Though fashion may seem trite compared to, say, furniture or food, it is anything but, says Emma Williams of C2CPII, pointing out that the World Resources Institute estimates the fashion industry employs more than 300 million people worldwide, is a $1.3 trillion industry, and the equivalent of one garbage truck of textiles or clothing is burned or landfilled every second.
“It’s really fascinating to consider, because when you wake in the morning and get dressed, you never think about that,” she says. “In a strange way, perhaps because clothing is always so close to us, or maybe because our identities are to some degree connected to it, we perceive it differently to the way we things such as automobiles.”
Plus, the combination of “fast fashion” with its micro-seasons, and the growing middle classes in the developing world means that the production of textiles has doubled in the past 15 to 20 years she says – making the environmental impacts all the more important.
A big part of the work at the institute is to promote the sharing of ideas, materials, and processes – a vast departure from the old-school concept of “trade secrets” kept closely guarded at high-end firms. Working with the institute the Fashion Positive PLUS collaboration includes H&M, Kering, Stella McCartney, Eileen Fisher, Athleta, Loomstate, Mara Hoffman, G-Star RAW and Marks & Spencer, who are all working together to identify commonly-used high-impact “building block” materials such as yarns, dyes, and finishes.
This is all part of a wider trend of sharing knowledge for the greater good. After spending 10 years developing a high tech, super-efficient and new way of producing t-shirts at their factory (using organic inks and clean tech), fashion brand Teemill has taken things even further by creating the first fully circular t-shirt.
The zero waste ‘Sustainable Me’ t-shirt is made by recovering and reusing discarded organic cotton garments mixed with certified cotton and is designed to come back to Teemill once the customer is done with it, where it can be broken down and turned back into another t-shirt.
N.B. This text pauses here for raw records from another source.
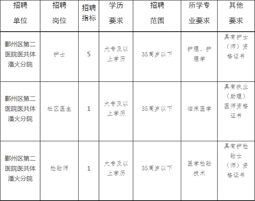 因工作需要,宁波市鄞州区第二医院医共体潘火分院拟面向社会招聘编外工作人员7名。具体要求如下:
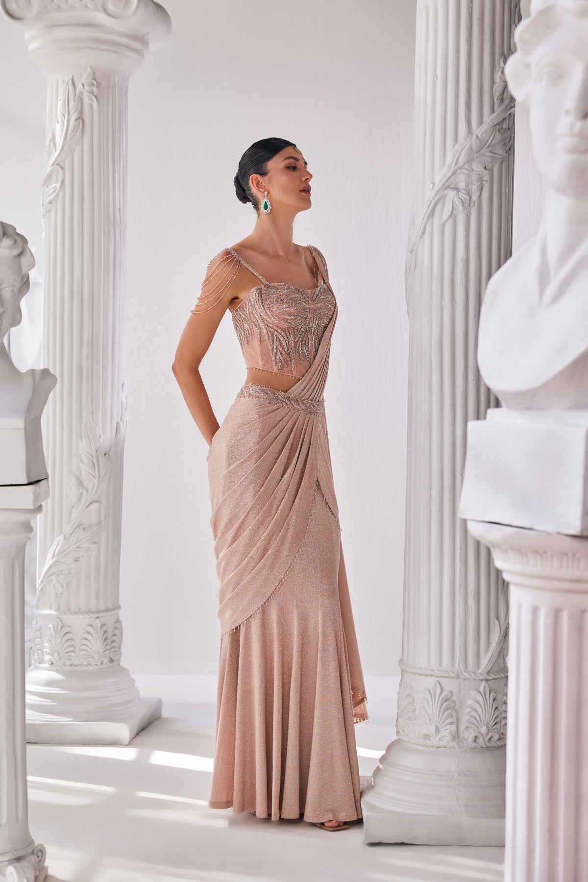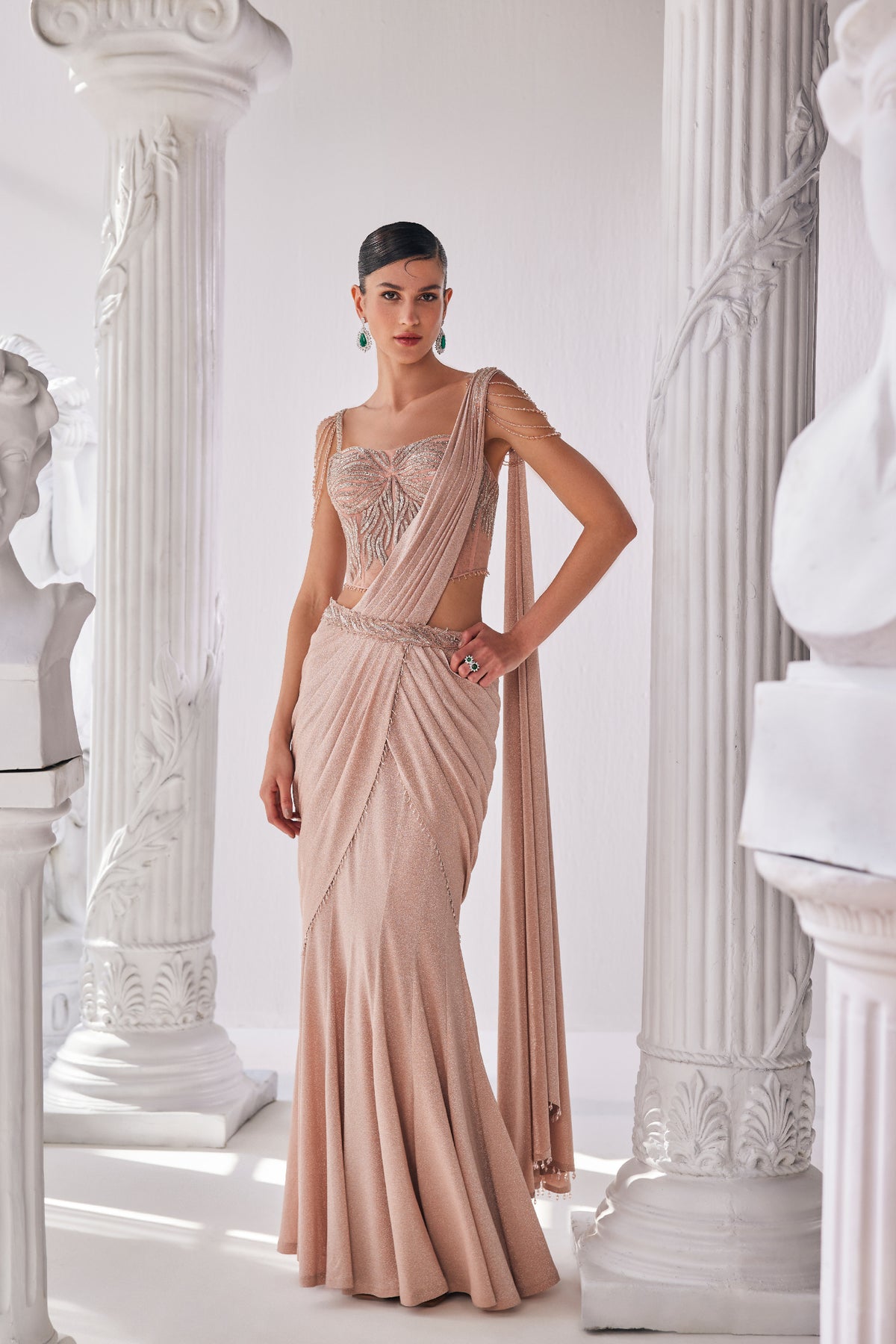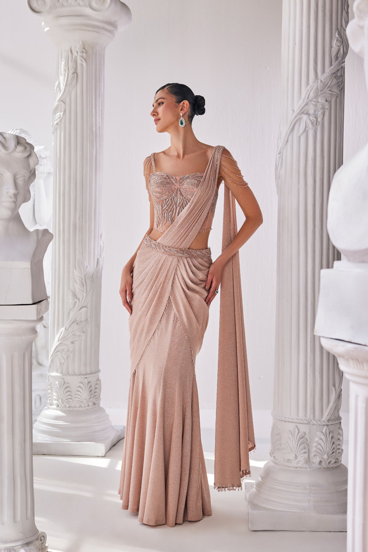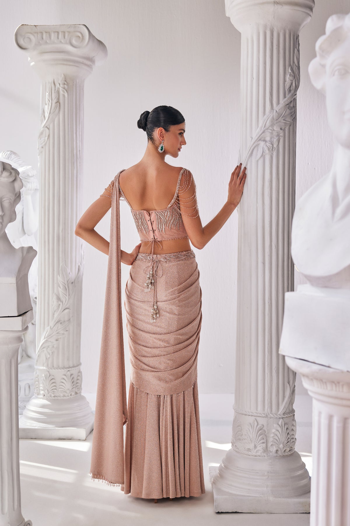This stunning peach draped saree crafted from luxurious shimmering lycra fabric. Paired elegantly with an embroidered corset blouse. Elevating the ensemble is a statement belt that adds a touch of glamour.
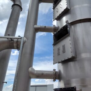 - Wet Scrubbing Unit: Designed to handle a mass flow rate of 7,500 kg/hr, tailored to address the specific chemical profile of the emissions and remove corrosive substances before they enter the rest of the system.
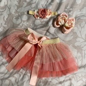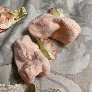 Another super cute baby photo outfit. Perfect for those sweet newborn pictures. This is gold and different shades of “country” pink. Rustic pink.. super cute. Comes with the headbands and little socks. Another one we tried and didn’t work on our daughter.
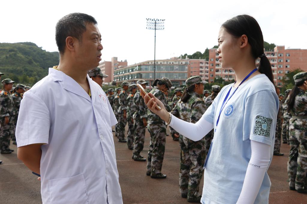 在军训的过程中,由于天气原因造成同学生出现中暑、呕吐、轻度昏迷等症状,他们立即根据具体情况迅速地做出了具体的救助措施。乌当区人民医院主治医师赵志文对于军训期间学生的饮食提出了建议:“首先要饥饱适中,不论是偏过于哪一方都容易造成身体不适;其次要多补充水,大量的运动过后会造成身体水分流失;最后需要提醒同学们,在军训前应做一些准备工作,否则骤然的激烈运动会让身体难以适应。”虽是普通不过的言语,平凡不过的建议,饱含的是却是我校后勤保障的工作人员们对学生最诚挚的关怀。
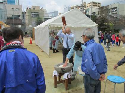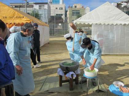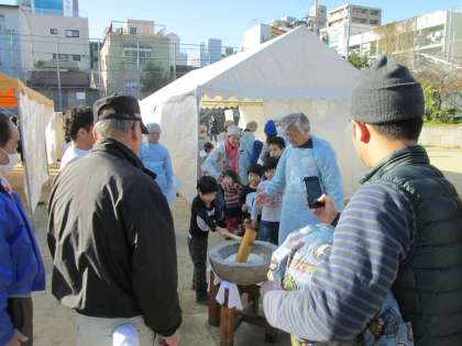中学生がボランティアとして参加し、地域の皆様とともに協力してお餅づくりを行い、集まられたご家庭にお餅をふるまっておられました。
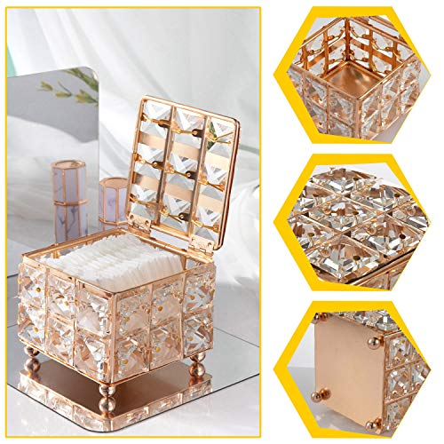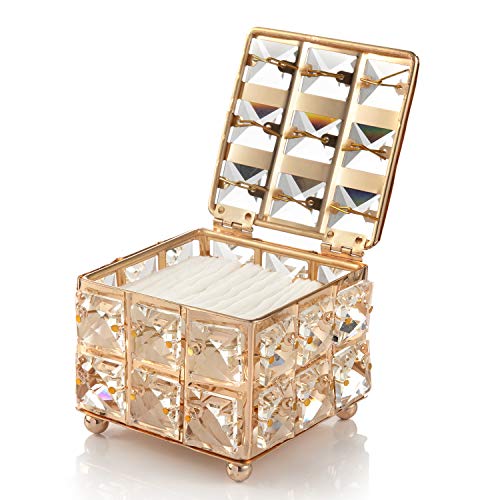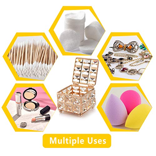 Comius Sharp Kryształowy pojemnik do przechowywania kosmetyków, małe pudełko kosmetyczne z pokrywką, do dozownika wacików i uchwytów na pałeczki higieniczne, kwadratowe pudełko do przechowywania makijażu z wzorem w romby (złoty)
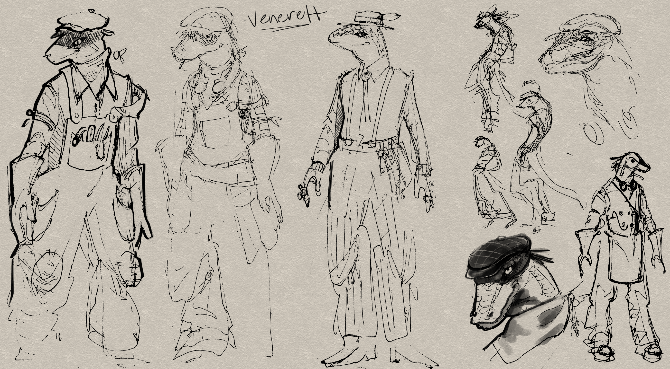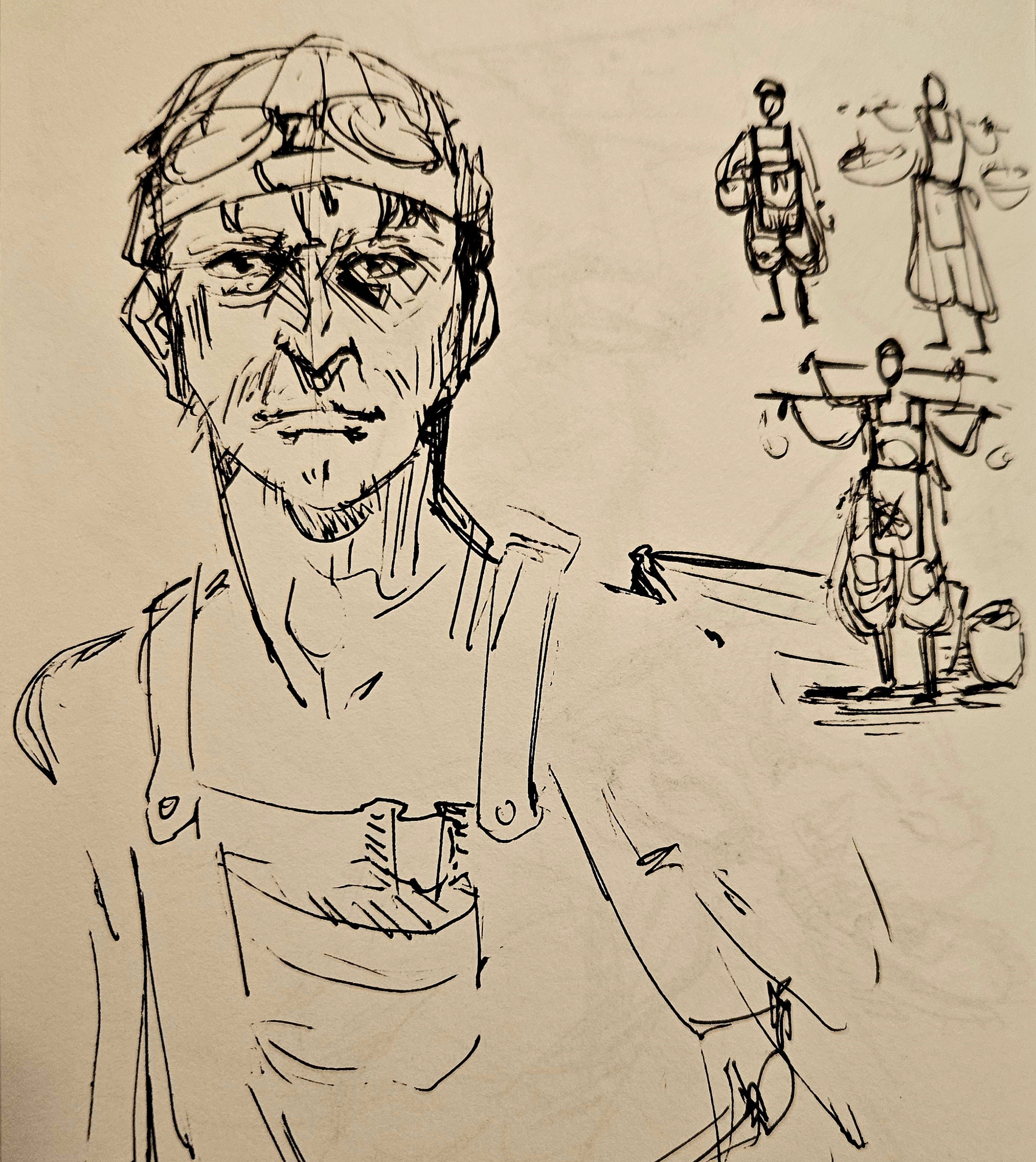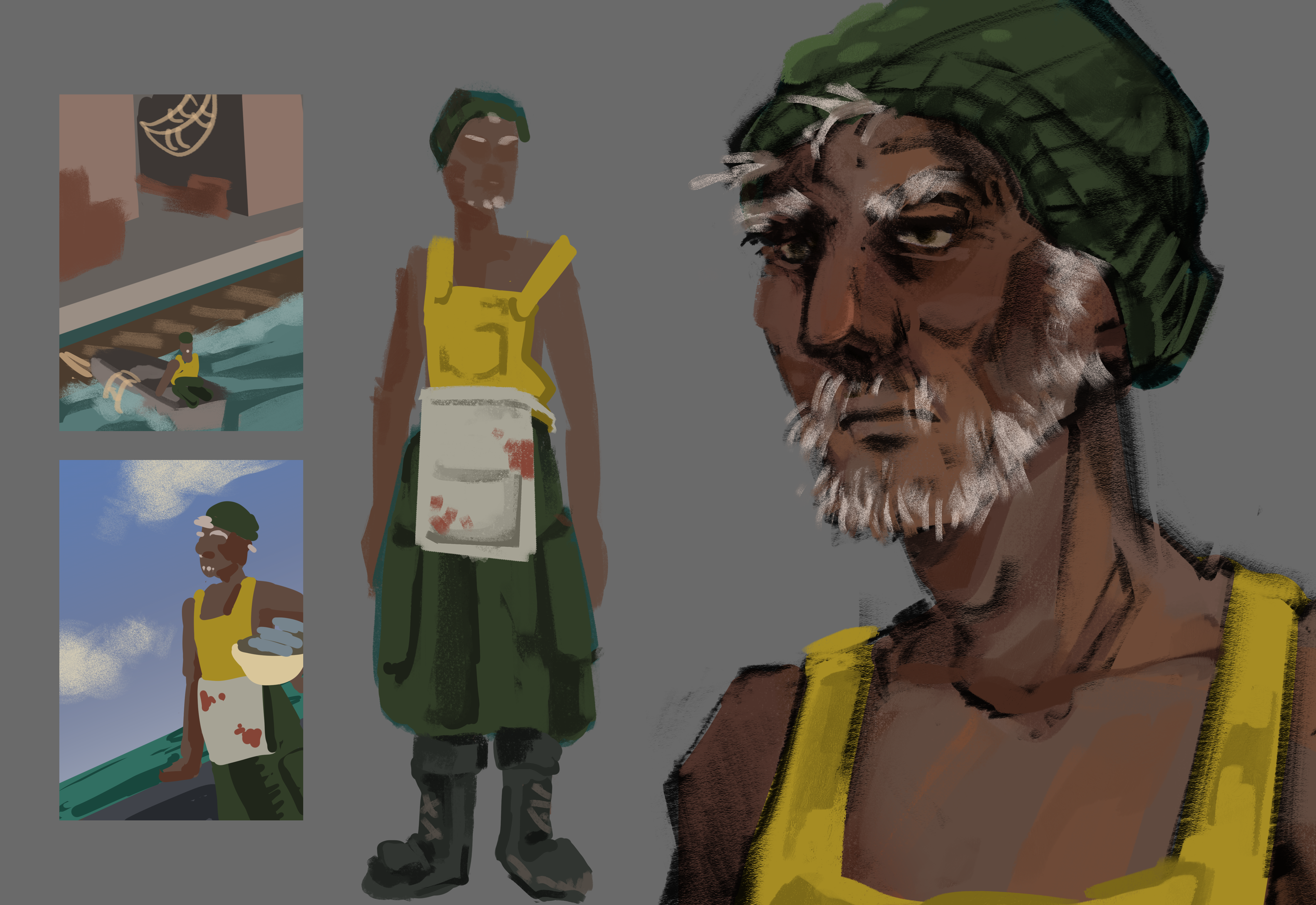 Character design exercise of a fisherman. Pictured are preliminary sketches, and a more fleshed-out character mockup with environmental thumbnails.
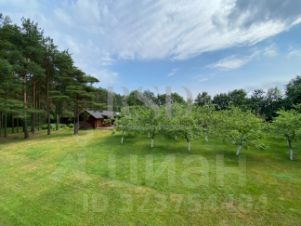 На огороженном участке большое количество взрослых деревьев, плодовые деревья, кустарники и солнечные лужайки с газоном.
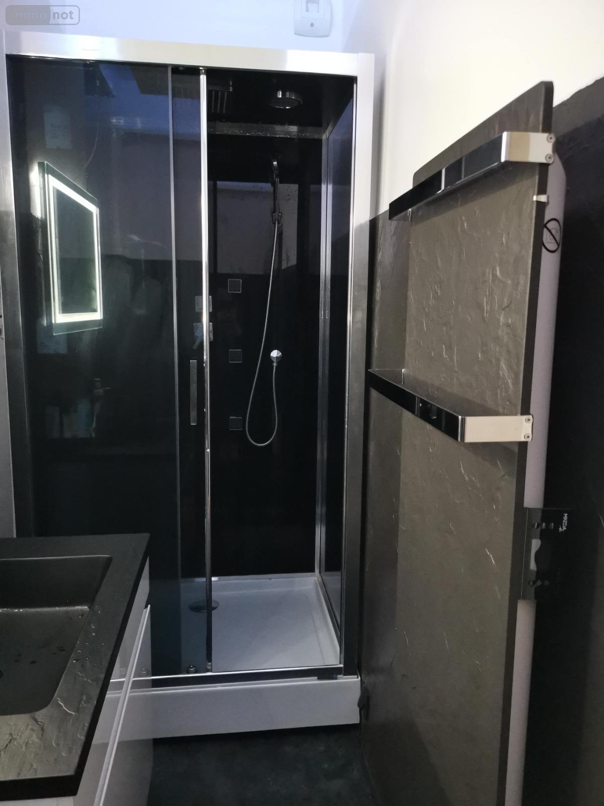 Au premier étage : Séjour, cuisine, une chambre avec salle de bains et WC, une pièce de 12m2 attenante par une large ouverture à une grande pièce (environ 20m²) bien éclairée (deux grands velux au plafond) à fort potentiel.
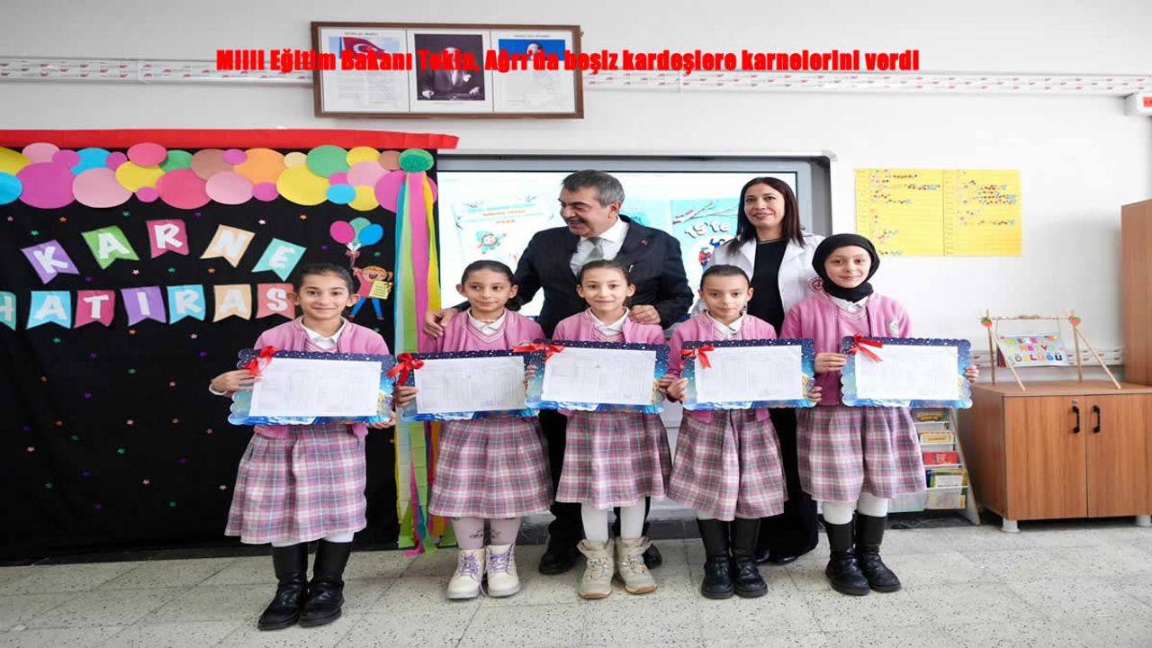 HABER49- Milli Eğitim Bakanı Yusuf Tekin, 2025-2026 eğitim öğretim yılının birinci döneminin sona ermesiyle birlikte Ağrı’da anlamlı bir karne ziyaretine imza attı. Ağrı İbrahim Çeçen İlkokulunu ziyaret eden Bakan Tekin, 4/A sınıfında eğitim gören beşiz kardeşlerin karne sevincine ortak oldu.
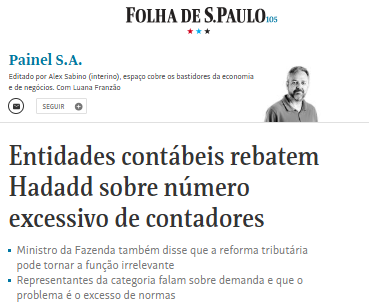 Folha de S.Paulo repercute manifestação da FENACON e de entidades sobre as falas do ministro contra a classe contábil
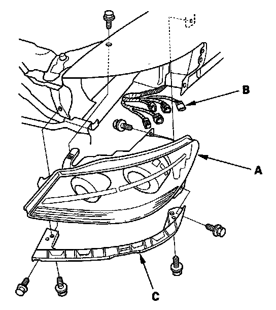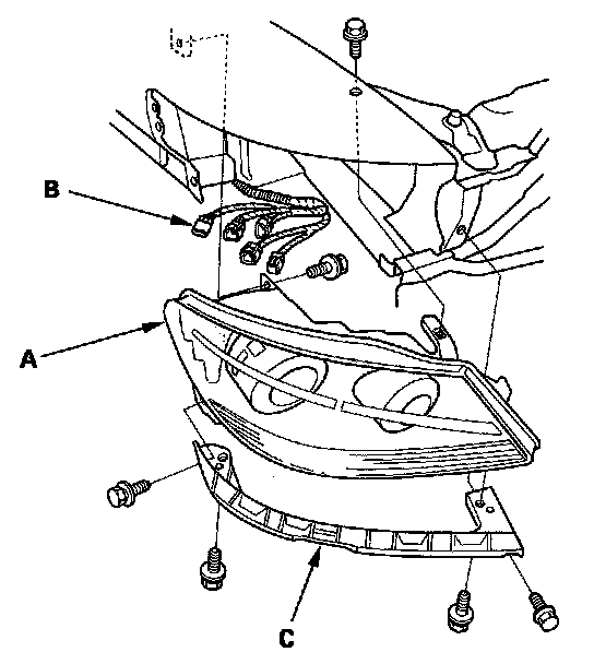 5. Remove the two bolts and the corner upper beam (C) from the headlight.
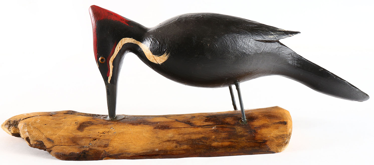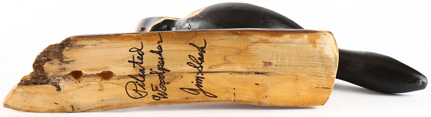Pileated Woodpecker by Jim Slack, tack eyes, solid wood on wood stand, original paint, structurally excellent, signed on bottom. Grade: Excellent + - Value: 10 to 60
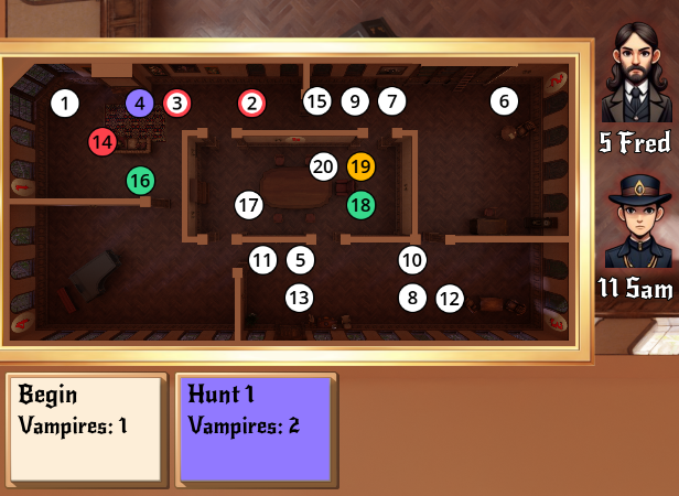 Each round consists of two movement turns and one hunting turn—but the vampire moves first. Watch their actions carefully, tag characters as suspects, confirmed threats, or mortals, and strike in your hunting turn!
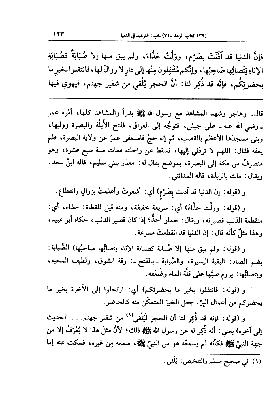 فَإِنَّ الدُّنيَا قَد آذَنَت بِصَرمٍ وَوَلَّت حَذَّاءَ، وَلَم يَبقَ مِنهَا إِلَّا صُبَابَةٌ كَصُبَابَةِ الإِنَاءِ يَتَصَابُّهَا صَاحِبُهَا، وَإِنَّكُم مُنتَقِلُونَ مِنهَا إِلَى دَارٍ لَا زَوَالَ لَهَا، فَانتَقِلُوا بِخَيرِ مَا بِحَضرَتِكُم، فَإِنَّهُ قَد ذُكِرَ لَنَا أَنَّ الحَجَرَ يُلقَى مِن شَفير جَهَنَّمَ، فَيَهوِي فِيهَا

As with the rest of their products, rather than producing huge batches of t-shirts and pushing them onto consumers through advertising, they only produce clothing to order. The innovative printing presses they have make this cheaper and more efficient than bulk production which ultimately leads to excess stock.
“It’s nice that one brand might do something, or that everybody might do their bit, but sharing the technology we spent 10 years developing is key – now others can replicate it in 10 minutes,” says Mart Drake-Knight of Teemill.
And like the C2C concept, they have organised their production to recycle their t-shirts back into the exact same t-shirt. “Our products are designed to be sent back to us – we decided to see our supply chain as a connected system, instead of us just being the middle man in a linear chain of manufacturers and recyclers,” he says.
How do they do this? By rewarding customers for sending their shirts back to them – cheaper than spending money on advertising. “We pay the customer to give us a return, but from our view, we’ve just gotten free fabric,” he says. “It’s an economic trick.”
It’s all part of the same concept as the Cradle to Cradle movement:
“Certainly the hardest thing to get your head around is the fact that there is no such thing as waste,” he says. “This is not an incremental design challenge, but a whole life cycle design challenge. But with modern technologies, it’s easier than you think.”